ENTRIES SHOWN.
::::::::::
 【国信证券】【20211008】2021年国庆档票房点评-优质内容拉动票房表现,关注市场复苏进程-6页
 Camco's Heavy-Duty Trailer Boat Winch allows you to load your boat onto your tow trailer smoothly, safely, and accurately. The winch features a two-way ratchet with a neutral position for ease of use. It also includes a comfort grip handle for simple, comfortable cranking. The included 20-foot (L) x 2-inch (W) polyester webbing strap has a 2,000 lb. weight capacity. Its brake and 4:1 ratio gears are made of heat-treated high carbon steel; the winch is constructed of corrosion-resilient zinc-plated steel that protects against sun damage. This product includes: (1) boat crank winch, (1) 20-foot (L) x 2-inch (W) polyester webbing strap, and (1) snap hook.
::::::::::
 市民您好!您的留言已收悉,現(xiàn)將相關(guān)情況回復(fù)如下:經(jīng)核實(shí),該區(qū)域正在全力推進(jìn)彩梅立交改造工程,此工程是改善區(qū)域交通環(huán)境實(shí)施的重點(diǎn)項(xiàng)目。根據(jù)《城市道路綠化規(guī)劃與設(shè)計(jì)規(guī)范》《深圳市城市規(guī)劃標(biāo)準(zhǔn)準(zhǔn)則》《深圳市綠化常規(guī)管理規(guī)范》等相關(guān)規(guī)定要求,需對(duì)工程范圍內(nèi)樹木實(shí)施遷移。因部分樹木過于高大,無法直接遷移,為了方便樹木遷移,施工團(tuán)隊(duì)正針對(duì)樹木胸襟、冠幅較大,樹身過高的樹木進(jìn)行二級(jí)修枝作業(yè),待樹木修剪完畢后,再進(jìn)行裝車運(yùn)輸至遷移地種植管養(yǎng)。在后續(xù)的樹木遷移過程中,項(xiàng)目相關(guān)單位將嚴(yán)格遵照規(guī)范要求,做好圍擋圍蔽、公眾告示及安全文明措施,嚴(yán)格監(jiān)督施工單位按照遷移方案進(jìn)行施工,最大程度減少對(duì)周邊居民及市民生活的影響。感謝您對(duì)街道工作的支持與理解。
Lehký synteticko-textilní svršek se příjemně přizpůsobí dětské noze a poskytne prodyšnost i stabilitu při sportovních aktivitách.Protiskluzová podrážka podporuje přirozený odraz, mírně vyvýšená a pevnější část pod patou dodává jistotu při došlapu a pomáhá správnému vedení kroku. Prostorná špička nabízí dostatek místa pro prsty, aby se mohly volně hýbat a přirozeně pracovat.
::::::::::
EXERCISE REQUIREMENTS.
Wherever the line holding "市民您好!您的留言已收悉,現" falls in the entries above, copy exactly from it through the line holding "Lehký synteticko-textilní svršek", inclusive, and add nothing.

OUTPUT BELOW.
 市民您好!您的留言已收悉,現(xiàn)將相關(guān)情況回復(fù)如下:經(jīng)核實(shí),該區(qū)域正在全力推進(jìn)彩梅立交改造工程,此工程是改善區(qū)域交通環(huán)境實(shí)施的重點(diǎn)項(xiàng)目。根據(jù)《城市道路綠化規(guī)劃與設(shè)計(jì)規(guī)范》《深圳市城市規(guī)劃標(biāo)準(zhǔn)準(zhǔn)則》《深圳市綠化常規(guī)管理規(guī)范》等相關(guān)規(guī)定要求,需對(duì)工程范圍內(nèi)樹木實(shí)施遷移。因部分樹木過于高大,無法直接遷移,為了方便樹木遷移,施工團(tuán)隊(duì)正針對(duì)樹木胸襟、冠幅較大,樹身過高的樹木進(jìn)行二級(jí)修枝作業(yè),待樹木修剪完畢后,再進(jìn)行裝車運(yùn)輸至遷移地種植管養(yǎng)。在后續(xù)的樹木遷移過程中,項(xiàng)目相關(guān)單位將嚴(yán)格遵照規(guī)范要求,做好圍擋圍蔽、公眾告示及安全文明措施,嚴(yán)格監(jiān)督施工單位按照遷移方案進(jìn)行施工,最大程度減少對(duì)周邊居民及市民生活的影響。感謝您對(duì)街道工作的支持與理解。
Lehký synteticko-textilní svršek se příjemně přizpůsobí dětské noze a poskytne prodyšnost i stabilitu při sportovních aktivitách.Protiskluzová podrážka podporuje přirozený odraz, mírně vyvýšená a pevnější část pod patou dodává jistotu při došlapu a pomáhá správnému vedení kroku. Prostorná špička nabízí dostatek místa pro prsty, aby se mohly volně hýbat a přirozeně pracovat.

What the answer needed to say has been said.